路人甲“罢了,罢了,我管不动你们了。但丑话说在前头,从今往后,陈家的事,我不会再管,你们好自为之。”
说完,他转身走进内室,再也没有出来。
陈知意看着父亲落寞的背影,心里像被堵住一般难受。百里东君扶起她,轻声道。
百里东君“别担心,一切都会好起来的。”
接下来的日子,百里东君果然履行承诺,留在了乾东。他把佩剑束之高阁,收起了酿酒的器具,跟着陈知意学看账本,跑商铺,笨拙地学着做一个商人。
起初,商户们碍于苏家的面子,对陈家的生意百般刁难。百里东君便一家家上门拜访,放下身段赔笑脸,甚至自掏腰包,补上陈家违约的损失。他毕竟是镇西侯府的公子,商户们虽不敢明着得罪苏家,却也不愿彻底得罪百里家,渐渐也就松了口。

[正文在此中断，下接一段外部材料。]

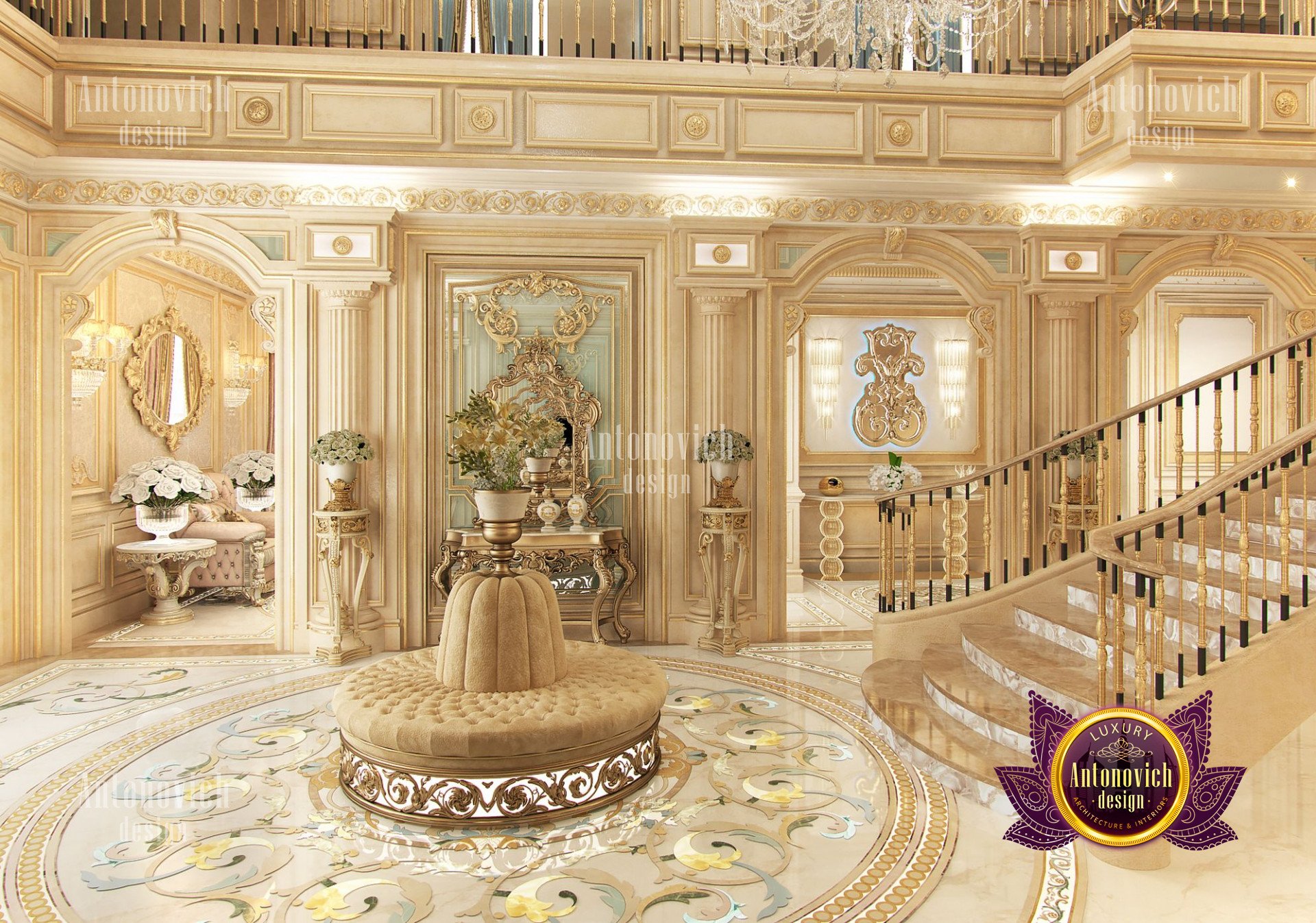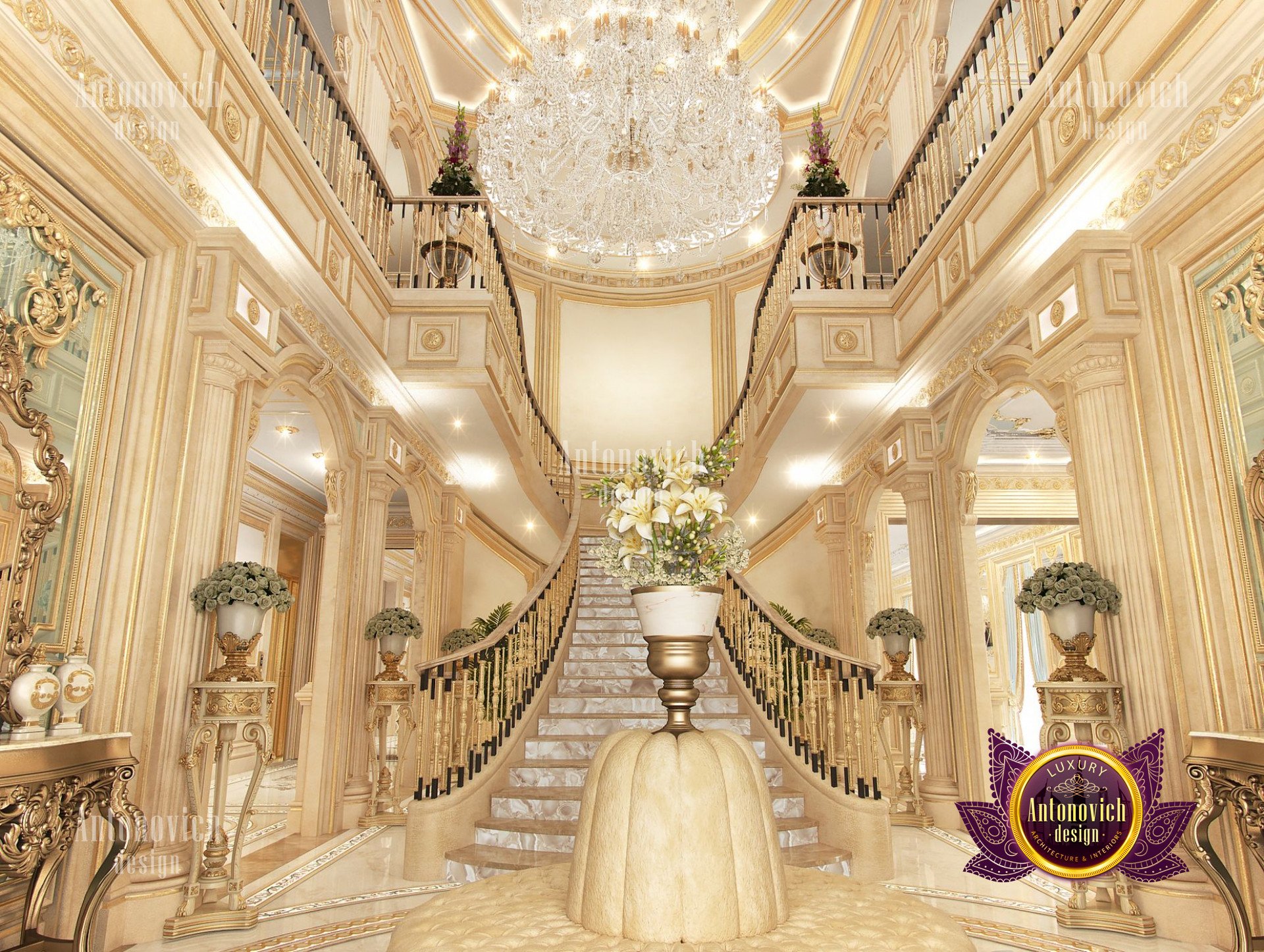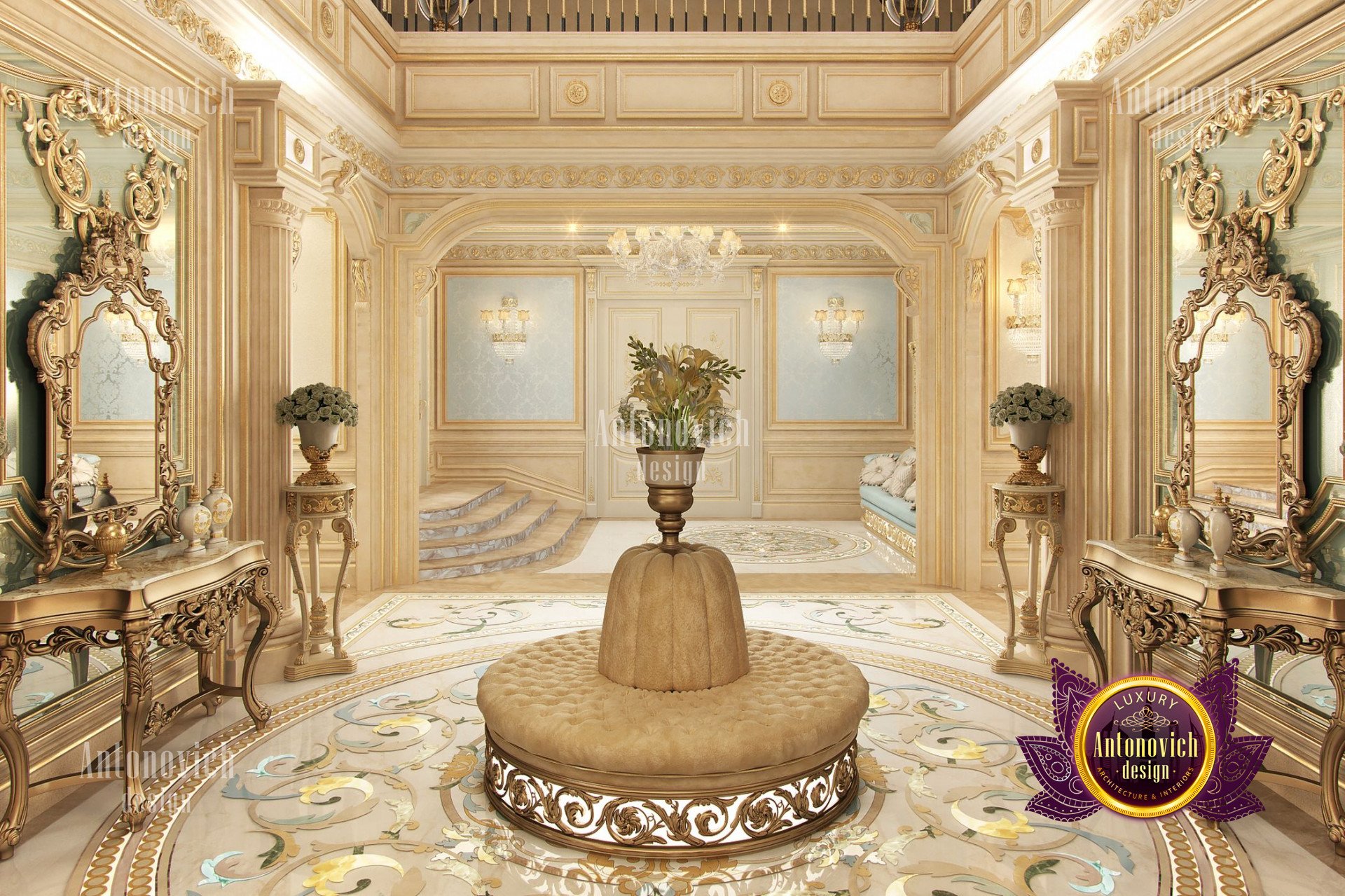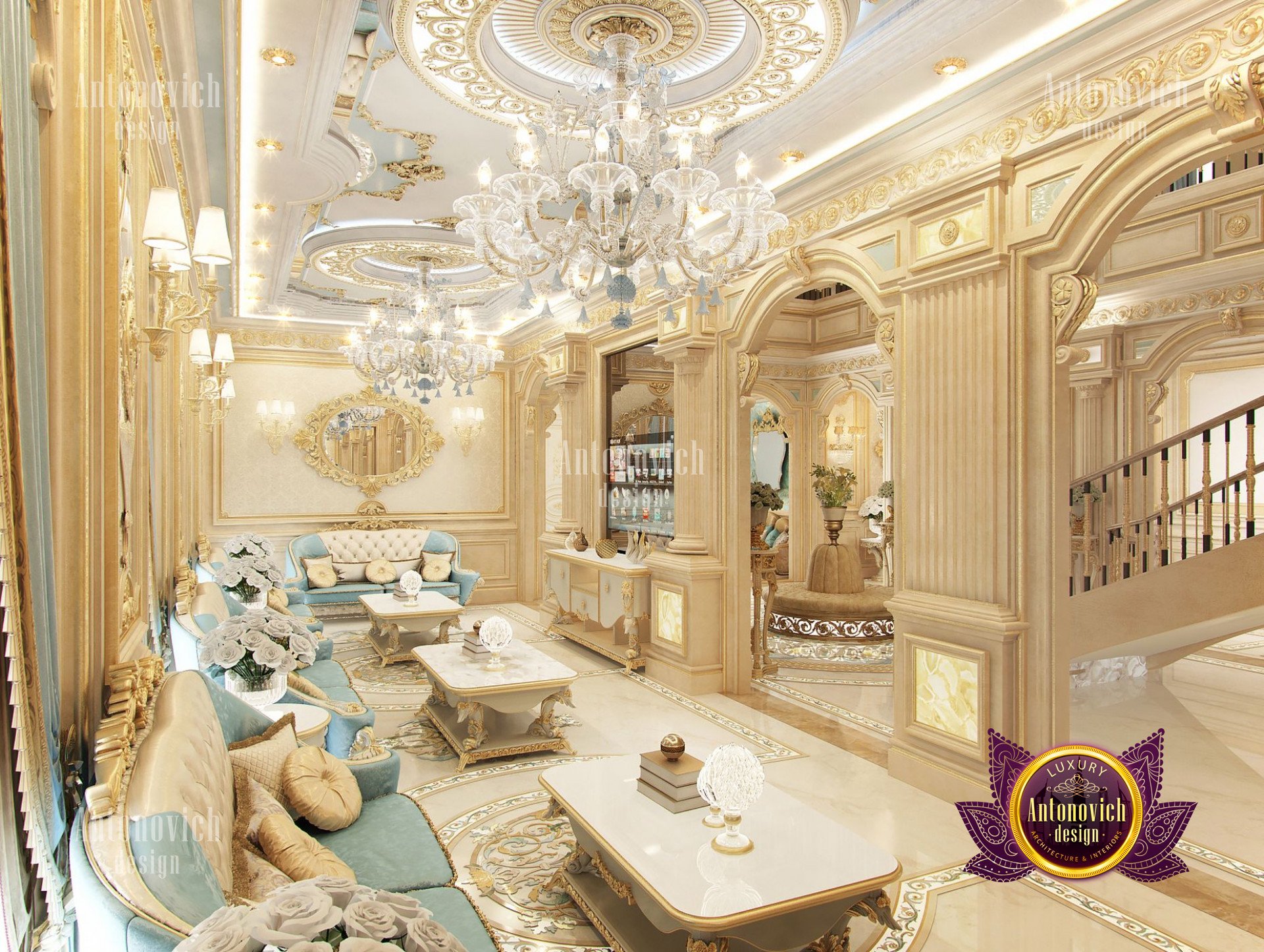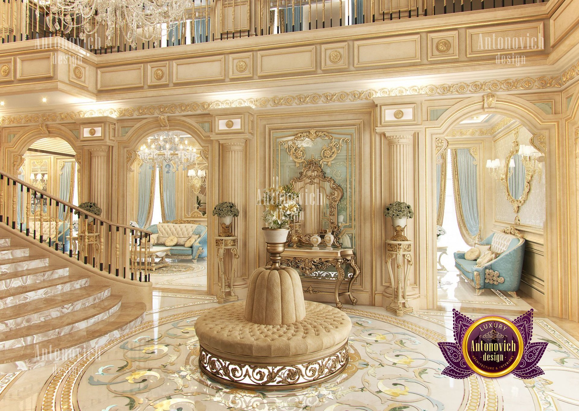 - Концептуализация: Интерьер виллы имеет концепцию, где дизайн выстроен в рамках общей темы, чтобы каждый угол дома выглядел созвучно. В данном проекте использован классический подход, который остаётся вне времени и эстетически привлекателен; интерьер виллы в неоклассическом стиле с золотыми акцентами придаёт ощущение исключительной элегантности.

陈知意看着他为自己奔波的样子,心里既感动又心疼。她知道,让一个习惯了自由自在的人,被困在这些繁琐的生意里,有多难受。
陈知意“东君,要不……我们还是离开吧。”
一日晚上,她看着灯下算账的百里东君,忍不住说。
陈知意“去一个没人认识我们的地方,你可以继续酿酒,练剑。”
百里东君放下笔,揉了揉她的头发。
百里东君“傻丫头,说什么呢。在这里不好吗?有你,有安稳的日子,比什么都强。”
他说得云淡风轻,可陈知意却看到他桌角那本翻得卷了边的剑谱,看到他夜里做梦时,还在喊着招式的名字。
她知道,他在委屈自己。
这样的日子过了半年,陈家的生意渐渐有了起色,苏家也没有再找麻烦。百里东君和陈知意的婚事,也被提上了日程。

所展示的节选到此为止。